Assigned task: If an entry holds an image, leave that image out and transcribe everything else exactly.

────────

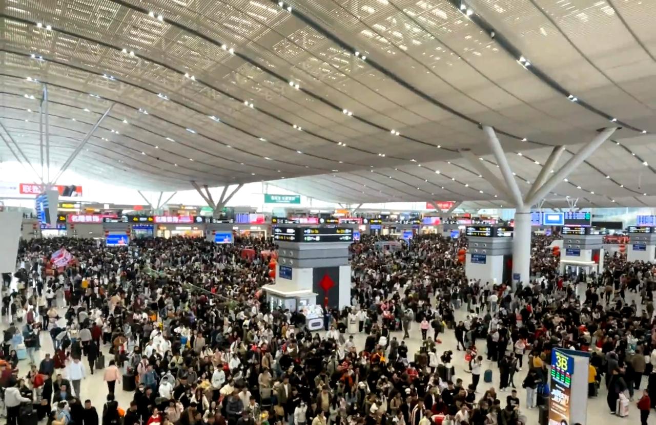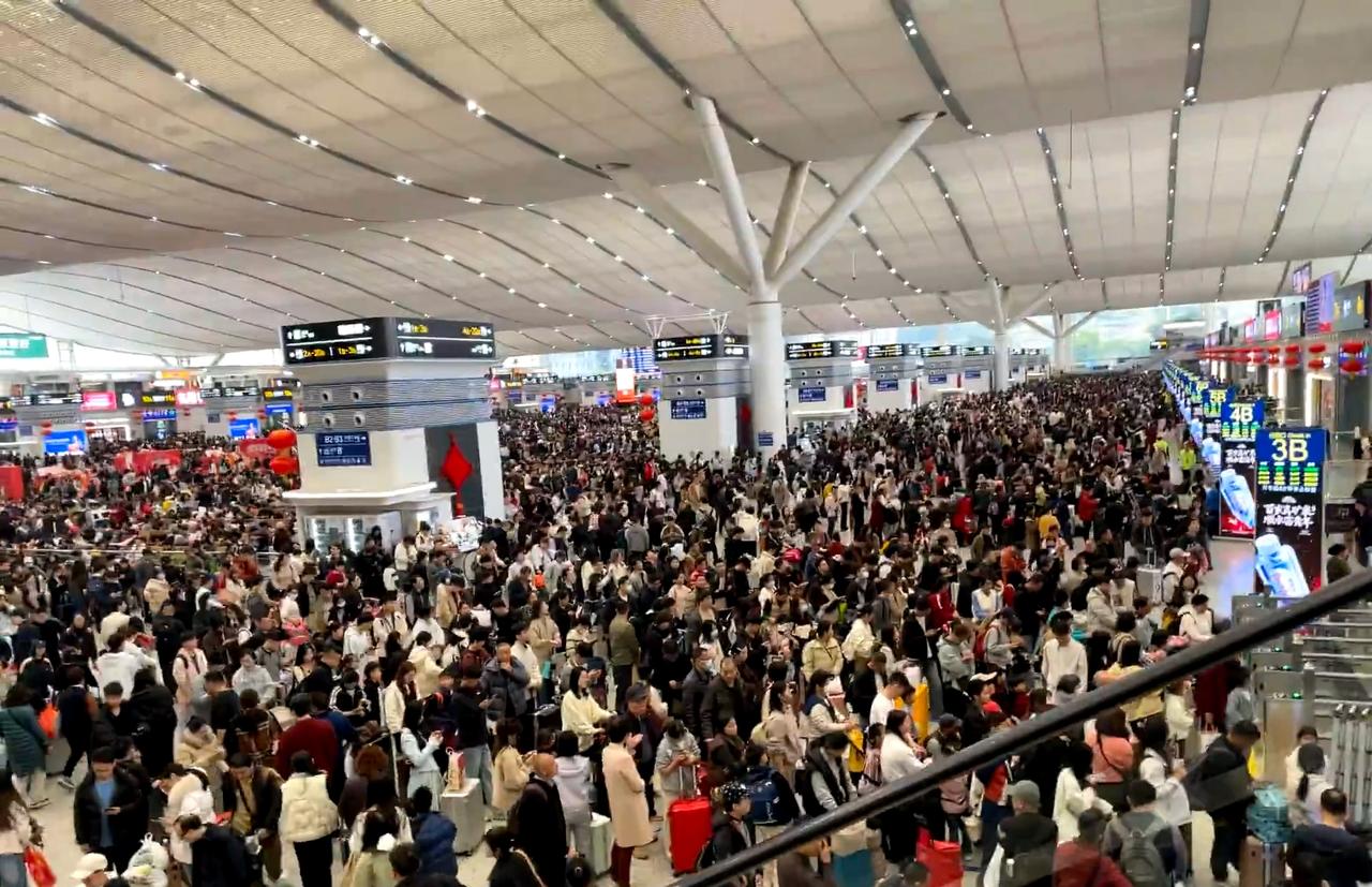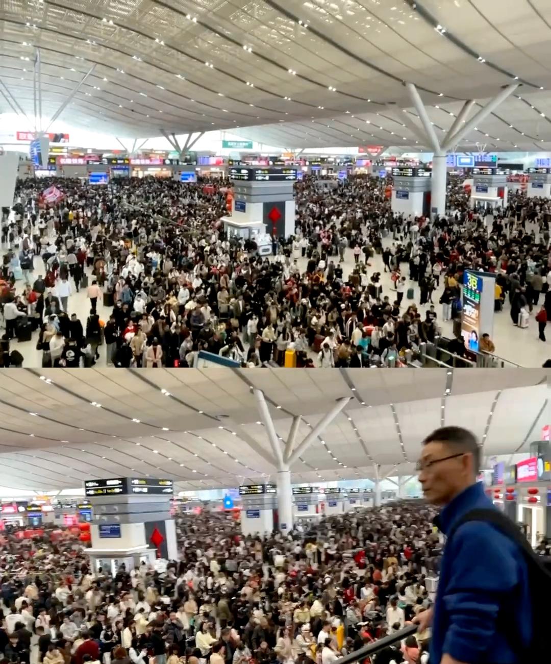 春运2.10日深圳北站 人如蝼蚁具象化了,人直接排队排到扶梯口了 建议至少早1:30小时来动车站。
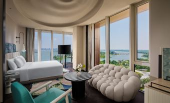 房間大,挑高高,風格清朗。床品舒適,燈光設計合理。推薦陽台房。我們訂的豪華精品湖景陽台房,兩面玻璃,環湖視野極佳,要是陽台上能放把椅子就更好。獨立衣帽間很大。浴缸和沖淋在一起,也有一個小陽台。不過看得出一些裝飾細節略粗糙,比如脱膠,還有不太理解為何椅子有很多擦傷的痕跡。
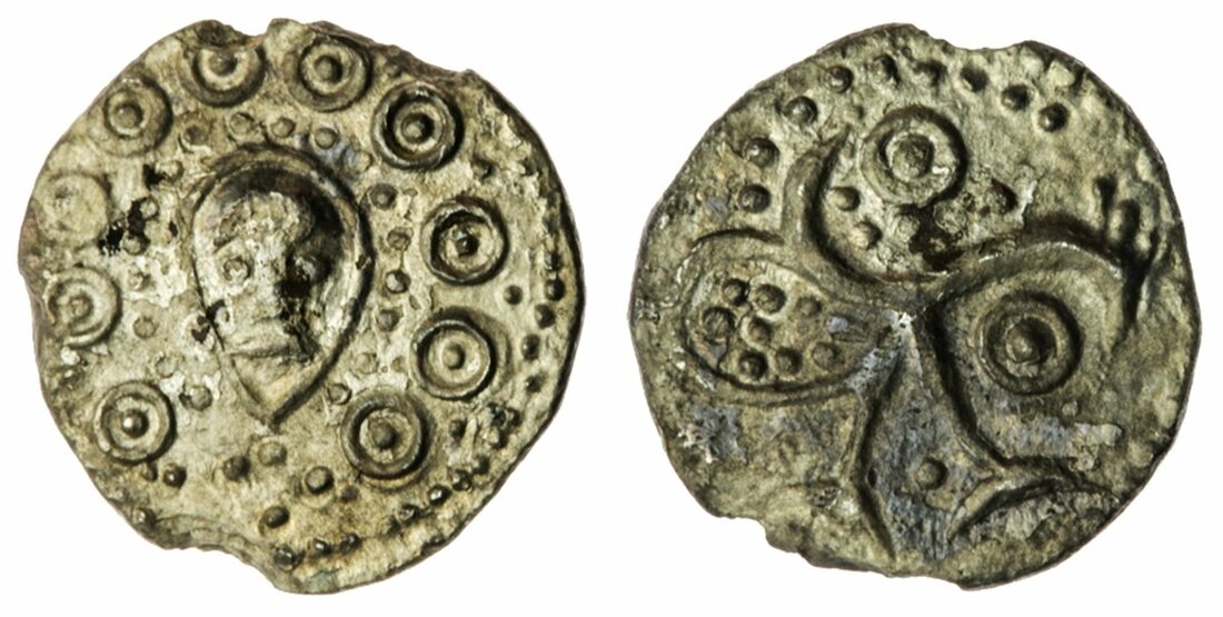 Anglo-Saxon England, Secondary Series (710-760), Sceat, Series H, type 49, Hamwic, central face in beaded circle, ten roundels, rev. roundels above and before, pellets in field, 0.80g, 315° (SL 48-1020; SCBI 69, 377 this coin; North 108, Spink 801A), slightly chipped edge otherwise largely centred, of better fabric than next, a bolder very fine, extremely rare
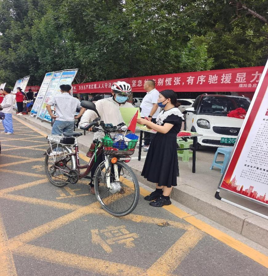 今年是第22个全国“安全生产月”,主题为“人人讲安全、个个会应急”。为深入贯彻落实习近平总书记关于安全生产重要论述,2023年6月16日,濮阳县科技局在县政府西侧开展“6·16安全宣传咨询日”活动。
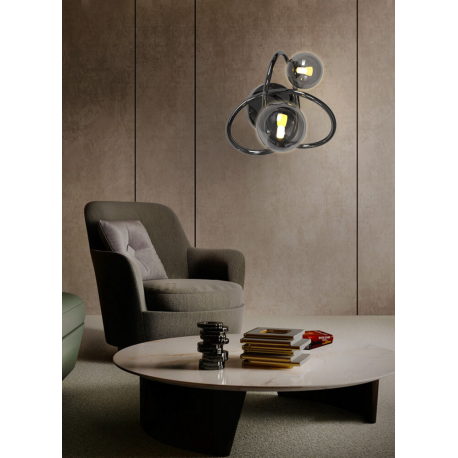 Kinkiet jest dostępny w pięknym kolorze czarnego chromu z dymionymi kloszami, który doda uroku i blasku Twoim wnętrzom. Bez względu na to, czy wybierasz się na przyjęcie, czy relaksujesz się po ciężkim dniu, kolor kinkietu z pewnością stworzy przyjemną atmosferę.
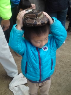 ヘビを頭に乗せてみたり。
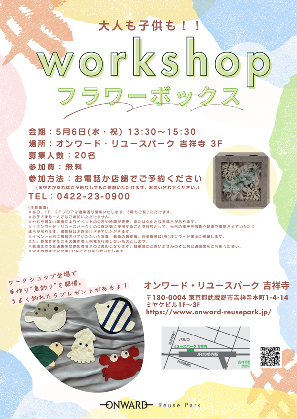 リユースパーク 吉祥寺では、5/6(水・祝) にフラワーボックス作りのワークショップを開催いたします!
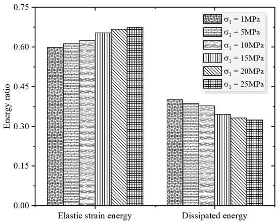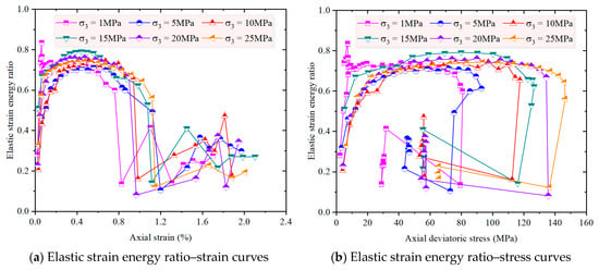 The degradation of rocks fundamentally pertains to a thermodynamic issue, encompassing the processes of energy uptake, conversion, and dispersion. Throughout testing, rocks adhere to the principle of energy conservation and thermodynamic laws under any form of loading. A higher density of elastic energy indicates a rock’s superior capability for elastic deformation, while an increased density of dissipated energy reflects more extensive damage during deformation. Consequently, the damage and deformation behavior of rock specimens during testing can be deduced by evaluating the ratios of elastic and dissipated energy. Figure 10 and Figure 11 display the progression curves of these energy ratios for rock specimens, correlating with stress and strain during CLU under triaxial conditions.
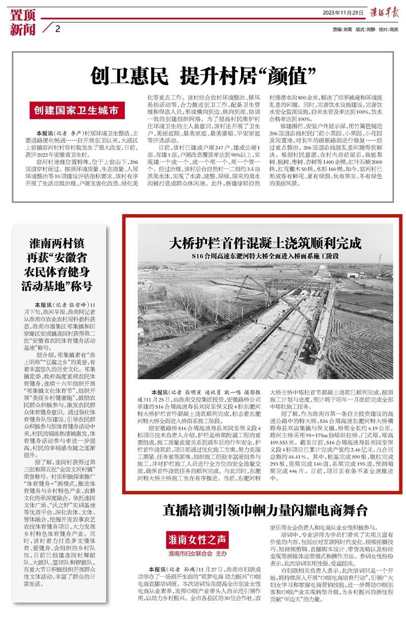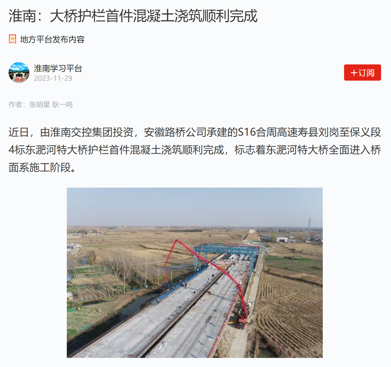 【名媒聚焦】學習強國、淮河早報、掌上淮南:S16合周高速東淝河特大橋全面進入橋面系施工階段
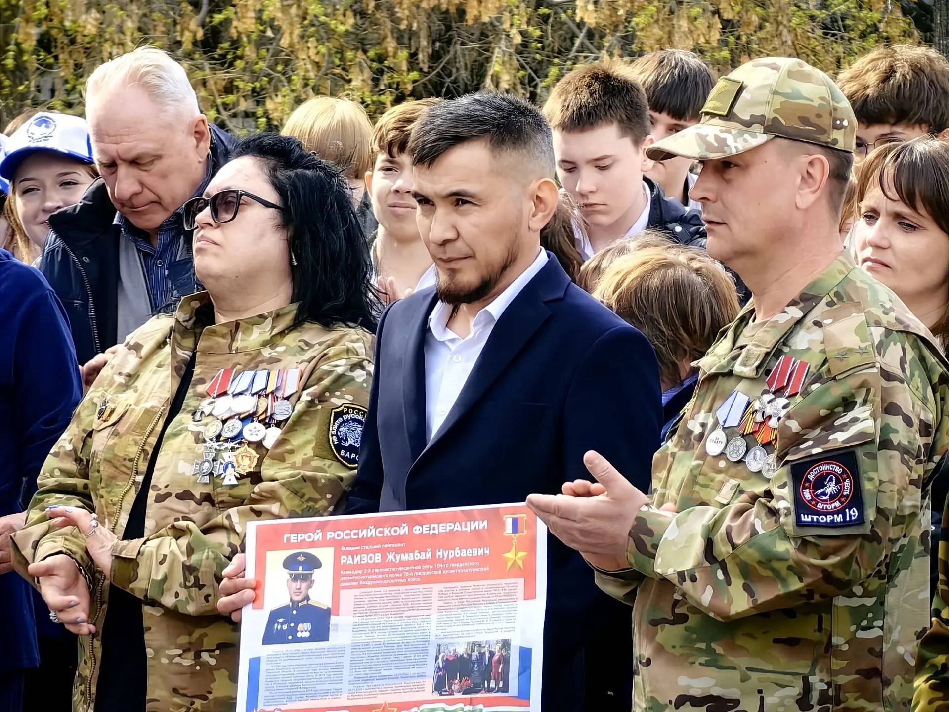 - Жумабай хорошо учился в школе, занимался спортом, мечтал о профессии военного. Легко поступил в Рязанское военно-командное училище и стал офицером. Служил в 237-м полку в Пскове, откуда и ушёл на СВО. Начинал командиром взвода, за достижения и успехи в боевых задачах его назначили командиром роты. Приятно, что в Кургане помнят Героев СВО. Сегодня замечательное памятное событие. Страна должна знать своих Героев в лицо! - сказал он.
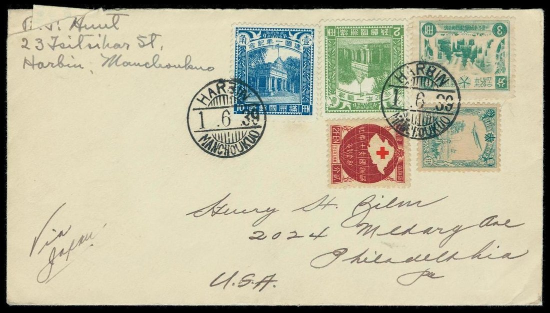 1939 (1 Jun.) envelope (with original enclosure) to U.S.A., endorsed "Via Japan", bearing 1st Anniv. of Founding of Manchukuo 2f. and 10f., 5th Anniv. 3f., Commemorating the Founding of Red Cross Society 2f. and Airmail 1st issue 18f., cancelled by "Harbin/Manchoukuo" c.d.s., a nice cover. Photo
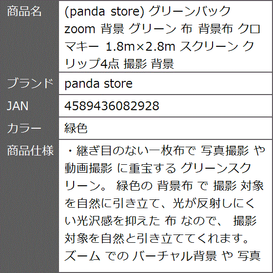 - (panda store) グリーンバック 背景 グリーン 布 背景布 クロマキー 1.8m×2.8m スクリーン クリップ4点 撮影 背景 zoom 使いやすいサイズのグリーンバック(4つクリップ付)!! 1.8m×2.8mと使いやすいサイズのグリーンバックです。強力クリップ4つ付属してすぐに使用していただけます。撮影やzoomの背景に使用していただけます。 5

────────

Task result:
 春运2.10日深圳北站 人如蝼蚁具象化了,人直接排队排到扶梯口了 建议至少早1:30小时来动车站。
 房間大,挑高高,風格清朗。床品舒適,燈光設計合理。推薦陽台房。我們訂的豪華精品湖景陽台房,兩面玻璃,環湖視野極佳,要是陽台上能放把椅子就更好。獨立衣帽間很大。浴缸和沖淋在一起,也有一個小陽台。不過看得出一些裝飾細節略粗糙,比如脱膠,還有不太理解為何椅子有很多擦傷的痕跡。
 Anglo-Saxon England, Secondary Series (710-760), Sceat, Series H, type 49, Hamwic, central face in beaded circle, ten roundels, rev. roundels above and before, pellets in field, 0.80g, 315° (SL 48-1020; SCBI 69, 377 this coin; North 108, Spink 801A), slightly chipped edge otherwise largely centred, of better fabric than next, a bolder very fine, extremely rare
 今年是第22个全国“安全生产月”,主题为“人人讲安全、个个会应急”。为深入贯彻落实习近平总书记关于安全生产重要论述,2023年6月16日,濮阳县科技局在县政府西侧开展“6·16安全宣传咨询日”活动。
 Kinkiet jest dostępny w pięknym kolorze czarnego chromu z dymionymi kloszami, który doda uroku i blasku Twoim wnętrzom. Bez względu na to, czy wybierasz się na przyjęcie, czy relaksujesz się po ciężkim dniu, kolor kinkietu z pewnością stworzy przyjemną atmosferę.
 ヘビを頭に乗せてみたり。
 リユースパーク 吉祥寺では、5/6(水・祝) にフラワーボックス作りのワークショップを開催いたします!
 The degradation of rocks fundamentally pertains to a thermodynamic issue, encompassing the processes of energy uptake, conversion, and dispersion. Throughout testing, rocks adhere to the principle of energy conservation and thermodynamic laws under any form of loading. A higher density of elastic energy indicates a rock’s superior capability for elastic deformation, while an increased density of dissipated energy reflects more extensive damage during deformation. Consequently, the damage and deformation behavior of rock specimens during testing can be deduced by evaluating the ratios of elastic and dissipated energy. Figure 10 and Figure 11 display the progression curves of these energy ratios for rock specimens, correlating with stress and strain during CLU under triaxial conditions.
 【名媒聚焦】學習強國、淮河早報、掌上淮南:S16合周高速東淝河特大橋全面進入橋面系施工階段
 - Жумабай хорошо учился в школе, занимался спортом, мечтал о профессии военного. Легко поступил в Рязанское военно-командное училище и стал офицером. Служил в 237-м полку в Пскове, откуда и ушёл на СВО. Начинал командиром взвода, за достижения и успехи в боевых задачах его назначили командиром роты. Приятно, что в Кургане помнят Героев СВО. Сегодня замечательное памятное событие. Страна должна знать своих Героев в лицо! - сказал он.
 1939 (1 Jun.) envelope (with original enclosure) to U.S.A., endorsed "Via Japan", bearing 1st Anniv. of Founding of Manchukuo 2f. and 10f., 5th Anniv. 3f., Commemorating the Founding of Red Cross Society 2f. and Airmail 1st issue 18f., cancelled by "Harbin/Manchoukuo" c.d.s., a nice cover. Photo
 - (panda store) グリーンバック 背景 グリーン 布 背景布 クロマキー 1.8m×2.8m スクリーン クリップ4点 撮影 背景 zoom 使いやすいサイズのグリーンバック(4つクリップ付)!! 1.8m×2.8mと使いやすいサイズのグリーンバックです。強力クリップ4つ付属してすぐに使用していただけます。撮影やzoomの背景に使用していただけます。 5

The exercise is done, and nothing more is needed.